● **Your objective**
Skipping all pictures, set down the lines of the listing from the first through the one with "棉花成熟期间,大型采棉机在田间作业。(资料图)确·胡热 摄".

START Exercise data

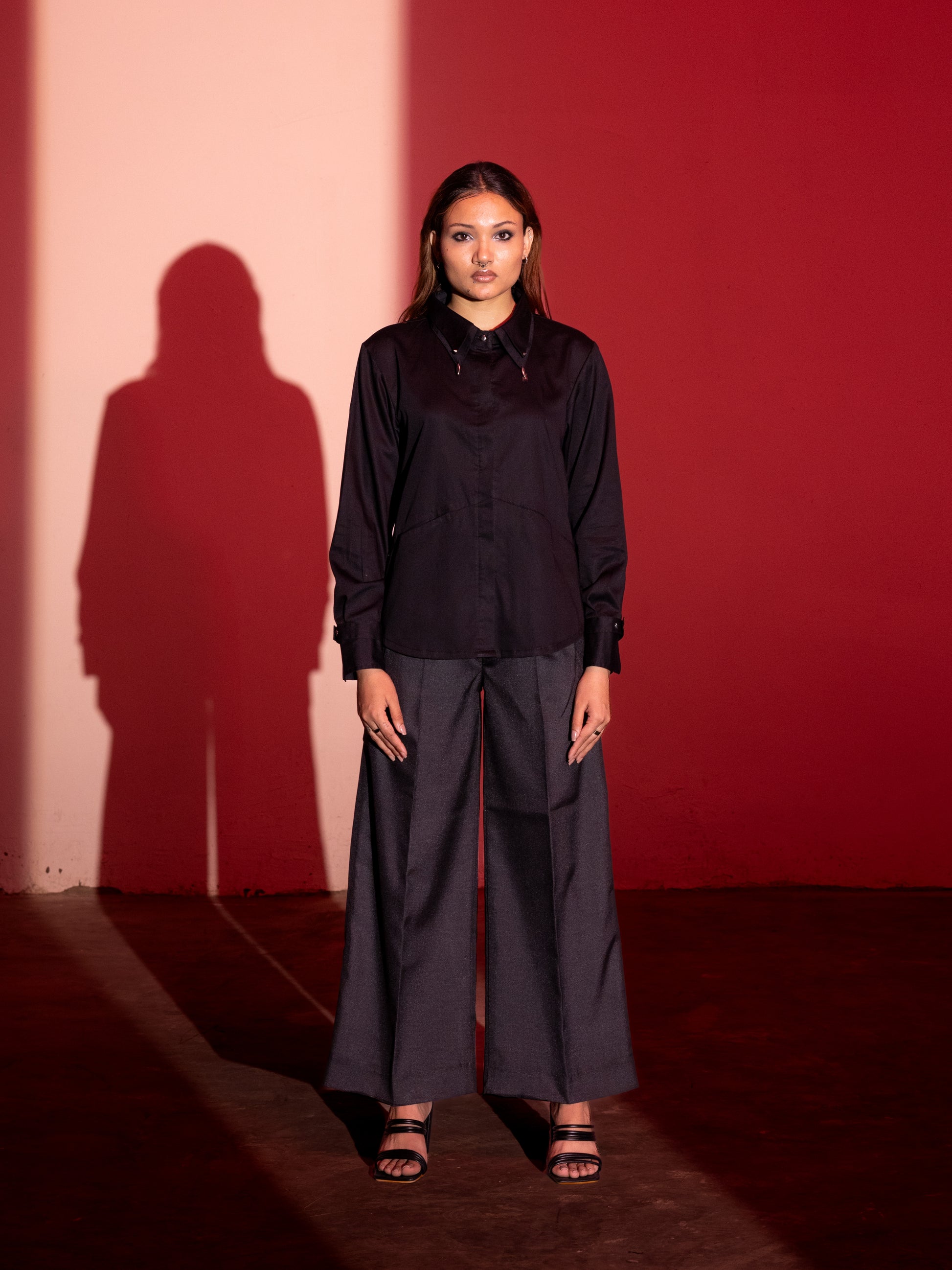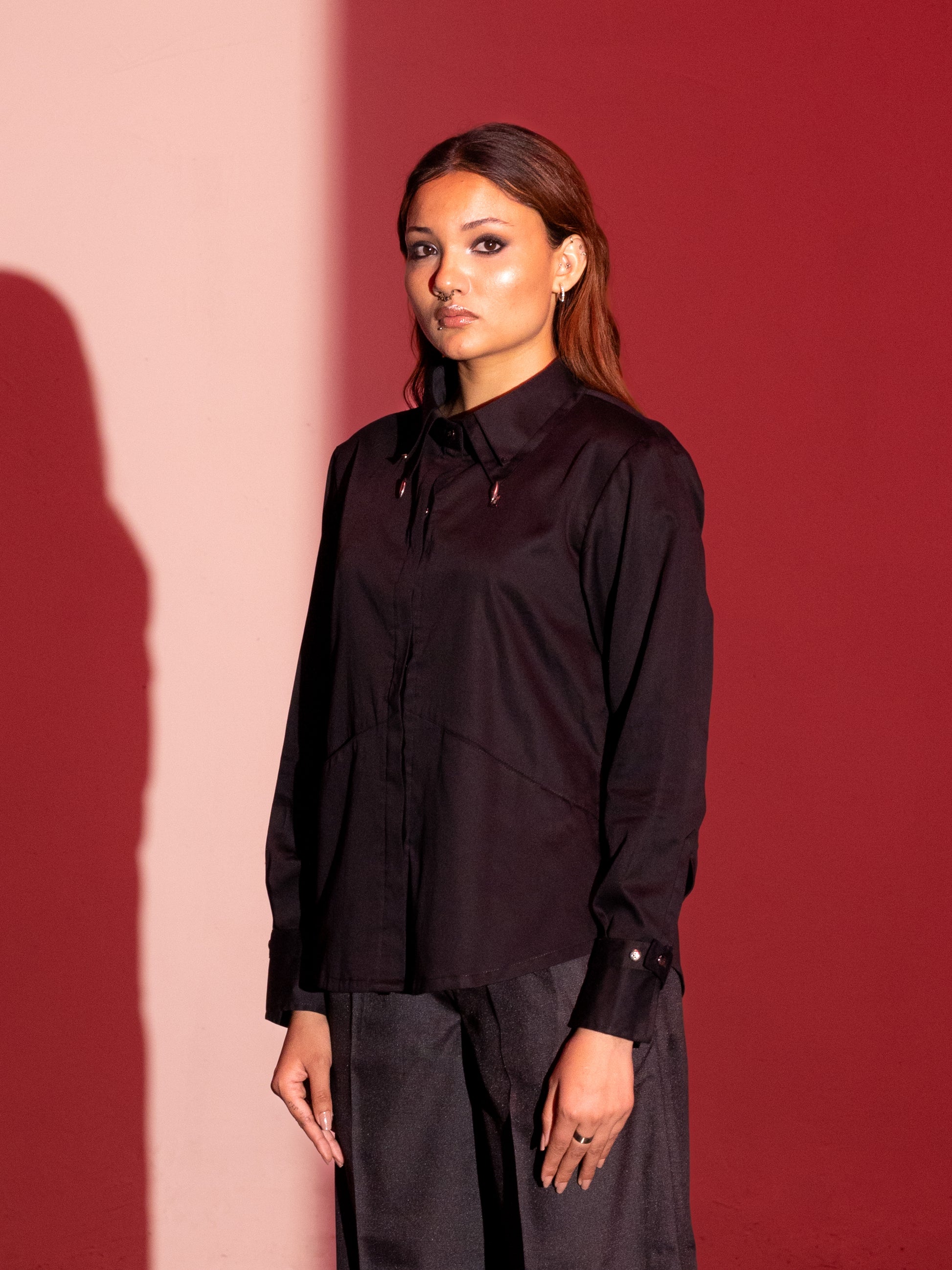 Crafted from luxurious cotton sateen, this shirt offers a smooth, glossy finish that mimics silk while remaining breathable, durable, and hypoallergenic. Its wrinkle-resistant nature ensures it stays crisp throughout the day. Featuring a distinctive double collar with elegant embellishments, it brings a touch of refined detail to a classic silhouette. The women’s version includes subtle waist shaping and hidden tie-ups at the back for a customizable fit.
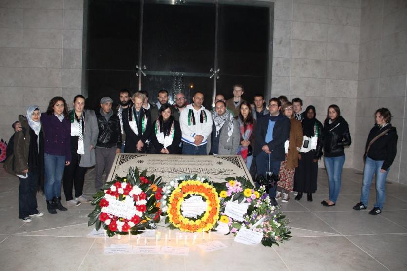 وفد من المنتدى الشبابي يزور ضريح الرئيس ياسر عرفات و يشعل الشموع في ذكرى رحيله
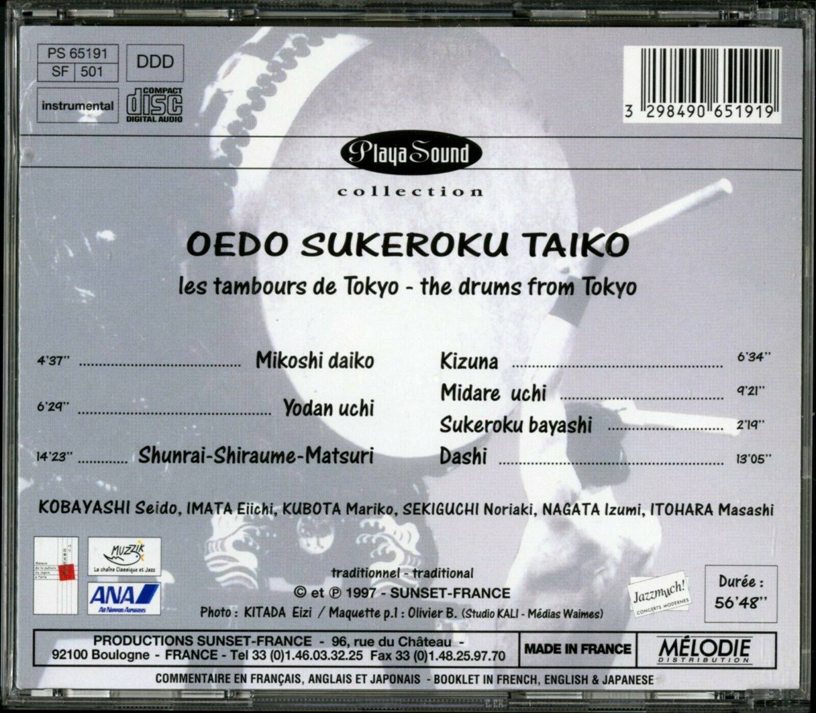 DRUMS OF TOKYO ODEO SUKEROKU TAIKO PLAYSOUND CD PS 65191 MADE IN FRANCE
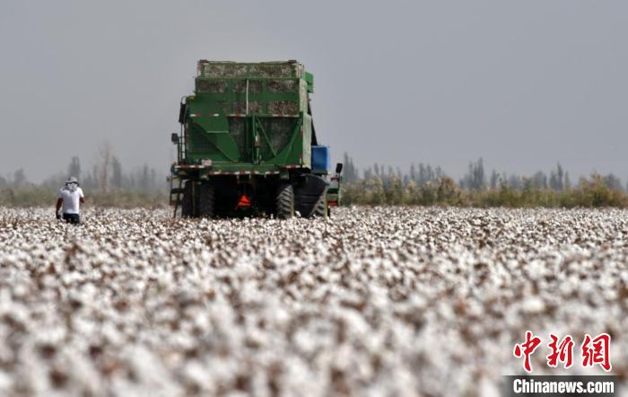 棉花成熟期间,大型采棉机在田间作业。(资料图)确·胡热 摄
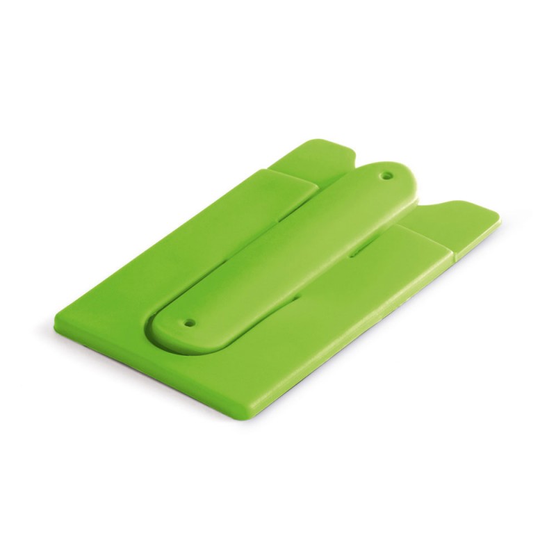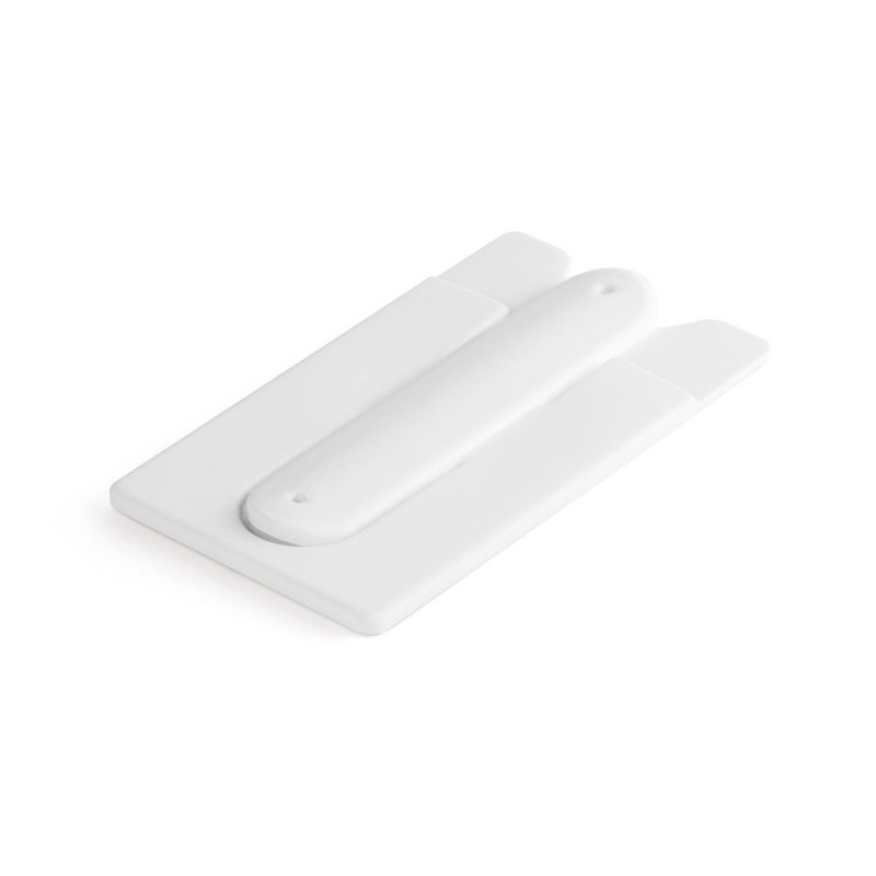 Silicone smartphone card holder with sticker on the back and smartphone holder. 57 x 96 x 5 mm

END Exercise data

● **Result for this task**
 Crafted from luxurious cotton sateen, this shirt offers a smooth, glossy finish that mimics silk while remaining breathable, durable, and hypoallergenic. Its wrinkle-resistant nature ensures it stays crisp throughout the day. Featuring a distinctive double collar with elegant embellishments, it brings a touch of refined detail to a classic silhouette. The women’s version includes subtle waist shaping and hidden tie-ups at the back for a customizable fit.
 وفد من المنتدى الشبابي يزور ضريح الرئيس ياسر عرفات و يشعل الشموع في ذكرى رحيله
 DRUMS OF TOKYO ODEO SUKEROKU TAIKO PLAYSOUND CD PS 65191 MADE IN FRANCE
 棉花成熟期间,大型采棉机在田间作业。(资料图)确·胡热 摄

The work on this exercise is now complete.